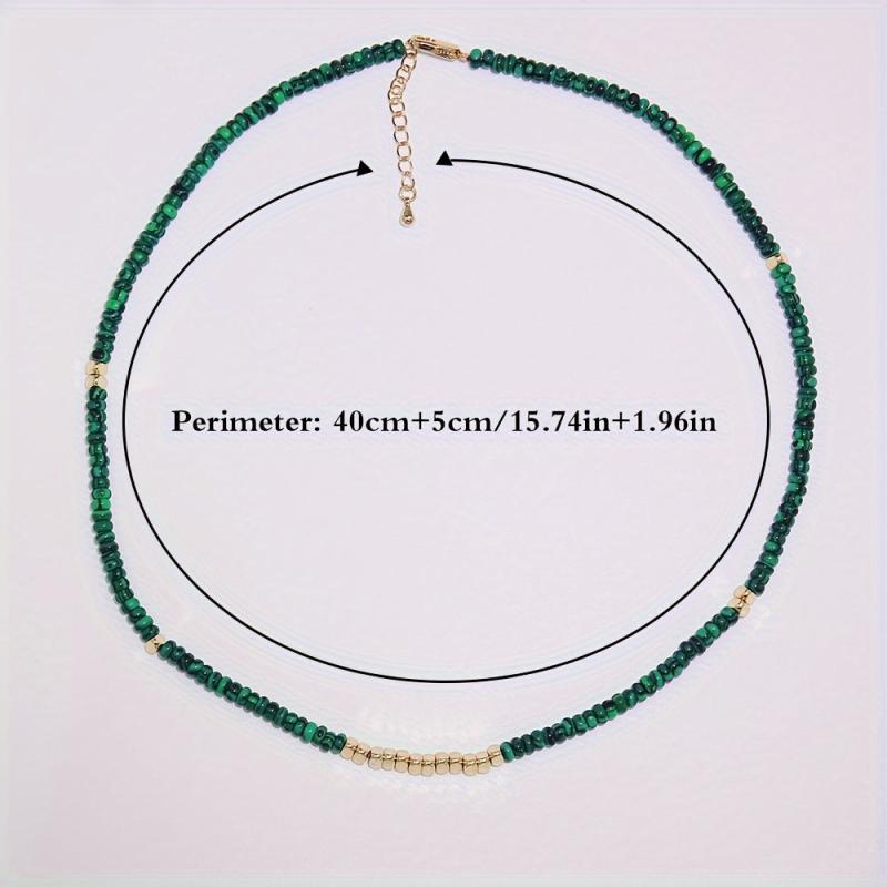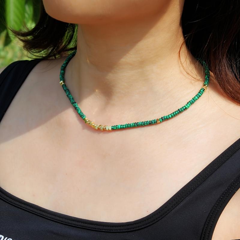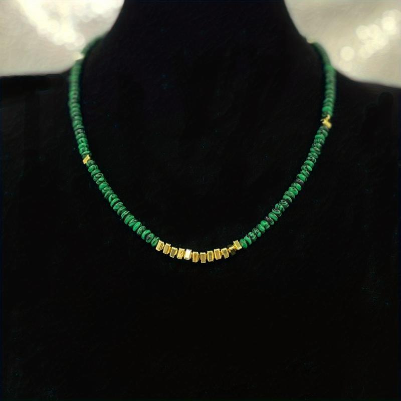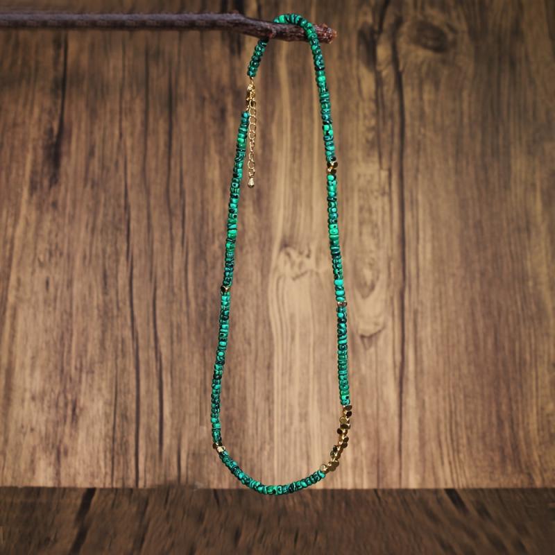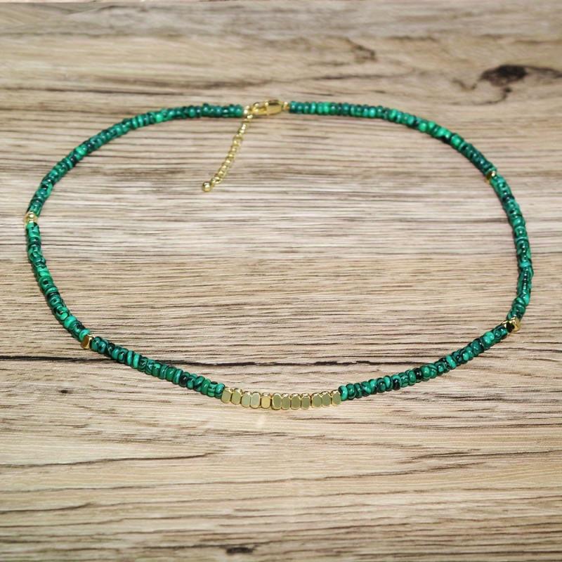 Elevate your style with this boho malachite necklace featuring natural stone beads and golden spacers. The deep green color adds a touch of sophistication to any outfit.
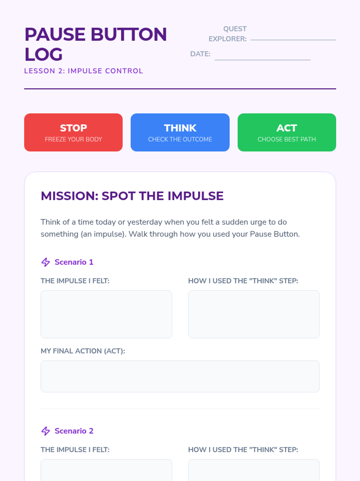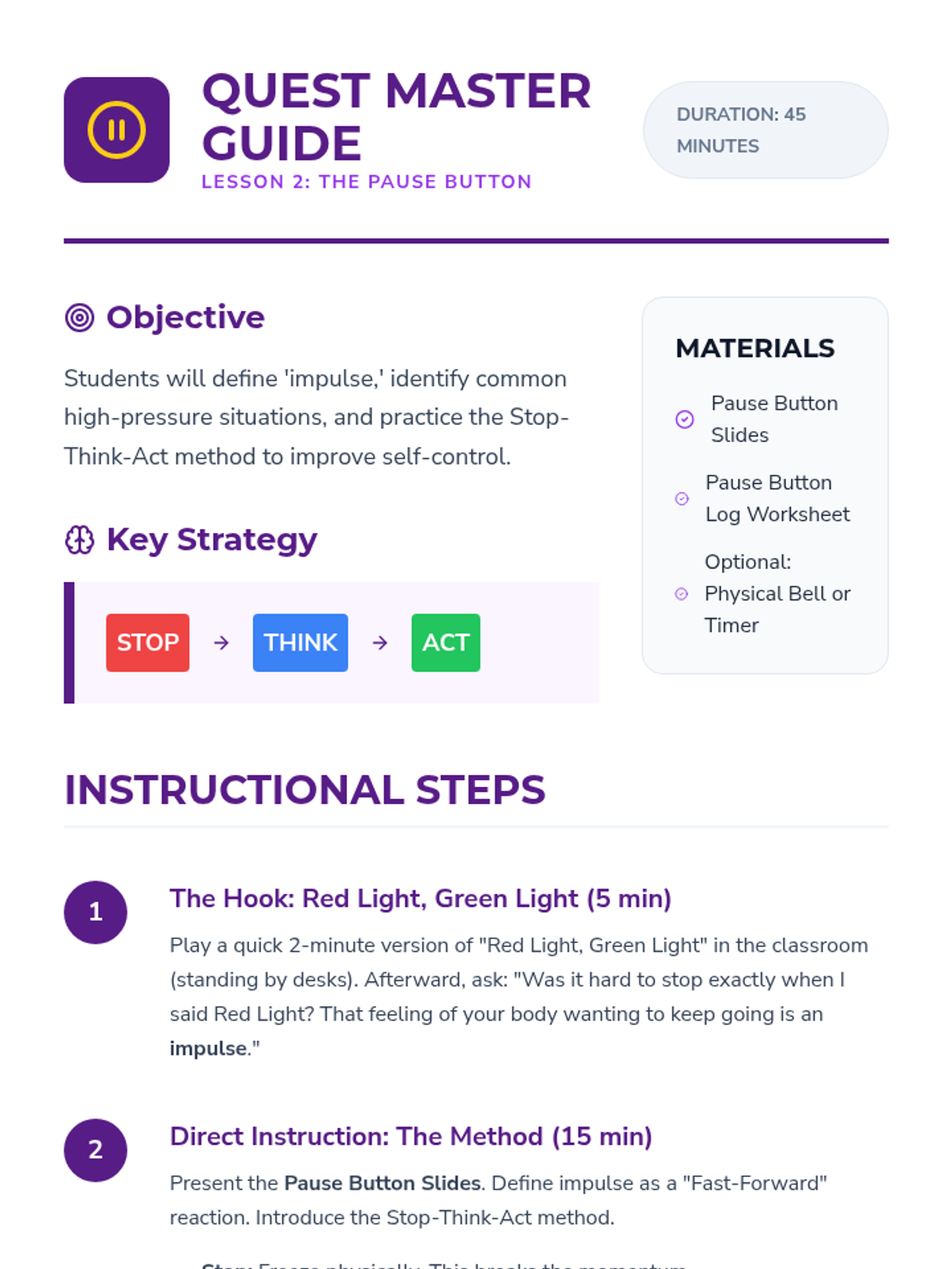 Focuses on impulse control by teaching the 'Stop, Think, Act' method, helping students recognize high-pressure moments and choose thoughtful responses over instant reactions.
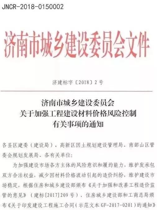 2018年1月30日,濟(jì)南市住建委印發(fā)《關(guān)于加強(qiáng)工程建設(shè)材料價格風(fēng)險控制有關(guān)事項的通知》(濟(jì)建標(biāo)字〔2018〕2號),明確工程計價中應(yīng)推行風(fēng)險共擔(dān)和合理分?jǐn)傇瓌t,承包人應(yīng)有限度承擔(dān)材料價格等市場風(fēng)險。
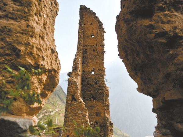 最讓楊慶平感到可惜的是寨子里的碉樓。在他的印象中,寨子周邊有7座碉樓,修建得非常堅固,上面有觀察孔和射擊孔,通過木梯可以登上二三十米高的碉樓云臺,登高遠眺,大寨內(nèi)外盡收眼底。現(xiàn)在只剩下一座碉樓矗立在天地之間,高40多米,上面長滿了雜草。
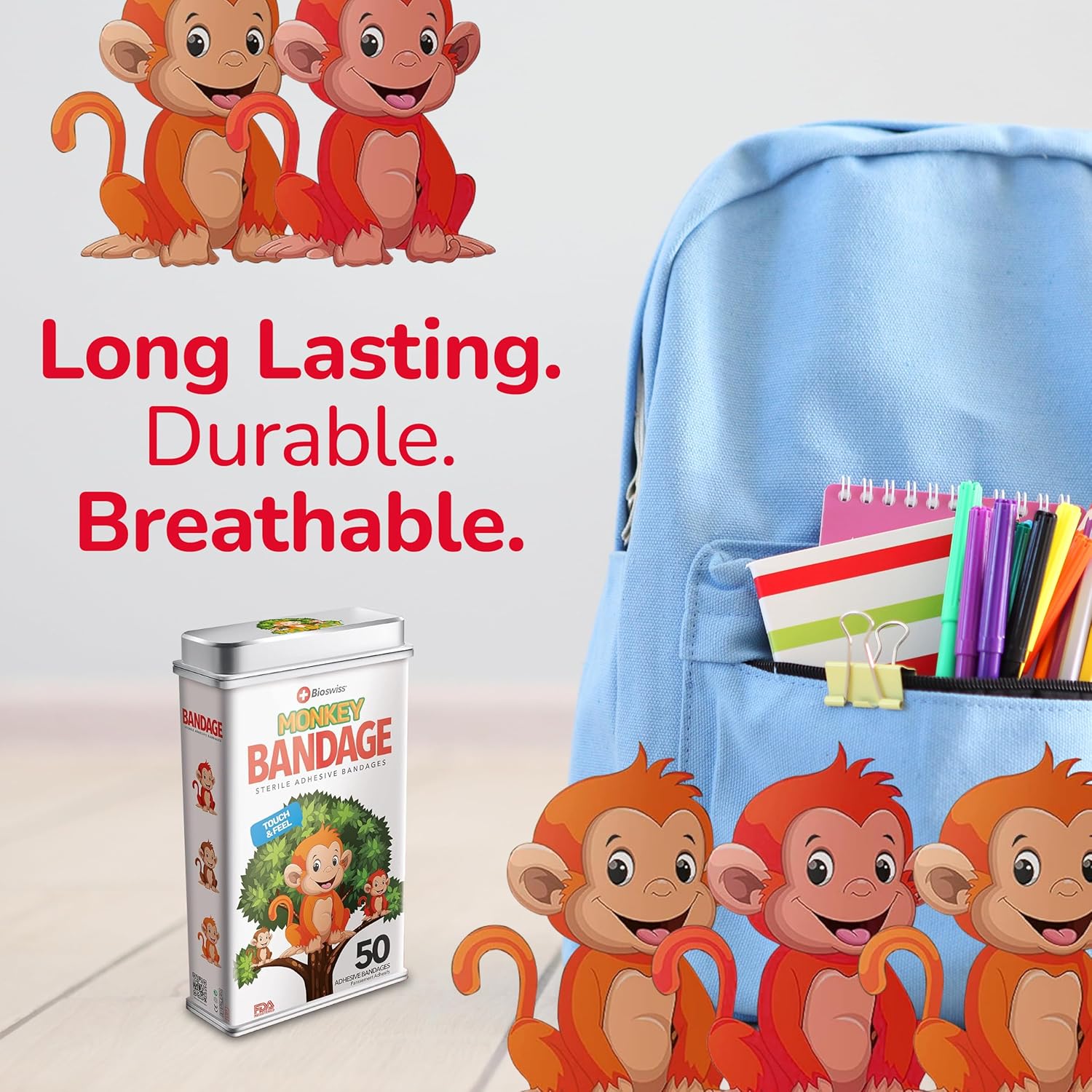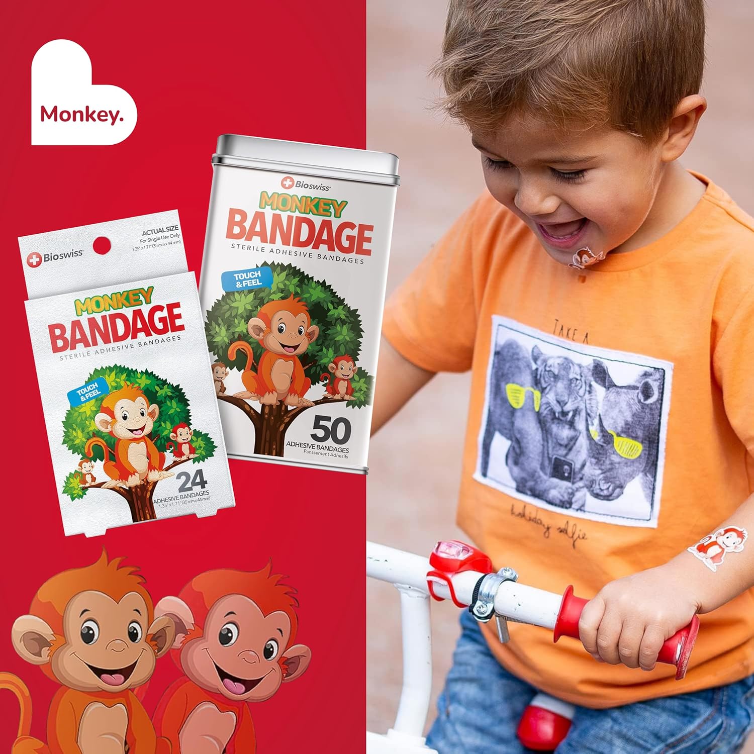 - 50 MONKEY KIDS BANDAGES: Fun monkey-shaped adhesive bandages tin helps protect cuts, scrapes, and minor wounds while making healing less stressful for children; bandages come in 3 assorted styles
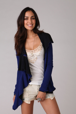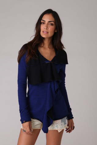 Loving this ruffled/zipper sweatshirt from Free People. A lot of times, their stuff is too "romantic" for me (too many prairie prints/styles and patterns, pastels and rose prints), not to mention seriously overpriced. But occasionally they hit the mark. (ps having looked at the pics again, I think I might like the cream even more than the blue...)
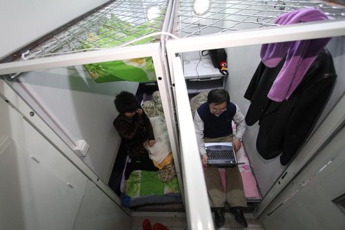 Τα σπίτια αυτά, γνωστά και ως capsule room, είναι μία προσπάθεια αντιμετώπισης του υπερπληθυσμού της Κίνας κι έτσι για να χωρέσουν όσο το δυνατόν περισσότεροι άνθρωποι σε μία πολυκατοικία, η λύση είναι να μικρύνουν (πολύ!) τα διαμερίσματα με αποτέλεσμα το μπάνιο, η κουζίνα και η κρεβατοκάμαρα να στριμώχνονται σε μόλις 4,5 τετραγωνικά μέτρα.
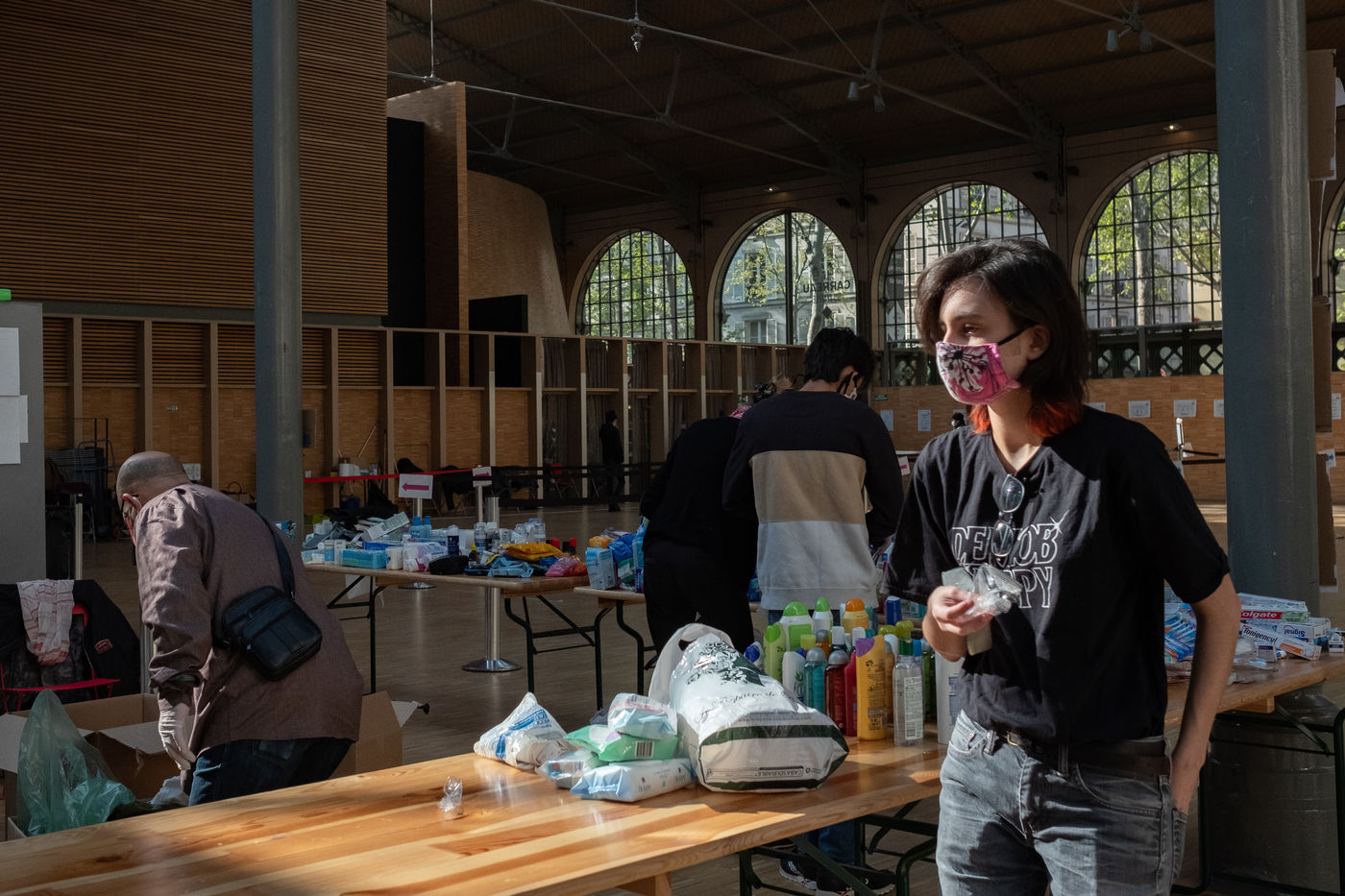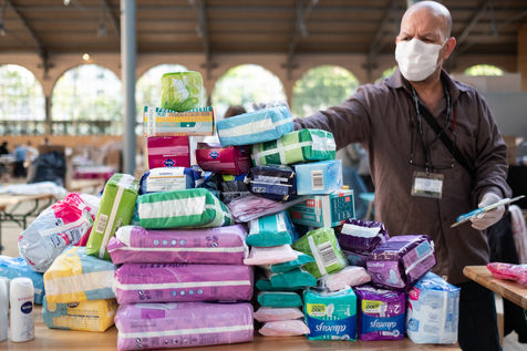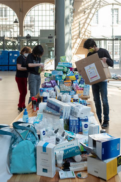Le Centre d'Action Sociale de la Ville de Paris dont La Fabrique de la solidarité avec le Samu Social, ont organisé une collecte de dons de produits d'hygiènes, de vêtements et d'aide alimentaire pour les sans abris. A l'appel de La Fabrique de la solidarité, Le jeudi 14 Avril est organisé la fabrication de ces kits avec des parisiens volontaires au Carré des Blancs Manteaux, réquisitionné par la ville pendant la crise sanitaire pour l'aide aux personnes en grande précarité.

◆ Directions
Write out exactly the lines above between the one with "最讓楊慶平感到可惜的是寨子里" and the one with "- 50 MONKEY", inclusive, with pictures left out.

◆ Exercise output
 最讓楊慶平感到可惜的是寨子里的碉樓。在他的印象中,寨子周邊有7座碉樓,修建得非常堅固,上面有觀察孔和射擊孔,通過木梯可以登上二三十米高的碉樓云臺,登高遠眺,大寨內(nèi)外盡收眼底。現(xiàn)在只剩下一座碉樓矗立在天地之間,高40多米,上面長滿了雜草。
 - 50 MONKEY KIDS BANDAGES: Fun monkey-shaped adhesive bandages tin helps protect cuts, scrapes, and minor wounds while making healing less stressful for children; bandages come in 3 assorted styles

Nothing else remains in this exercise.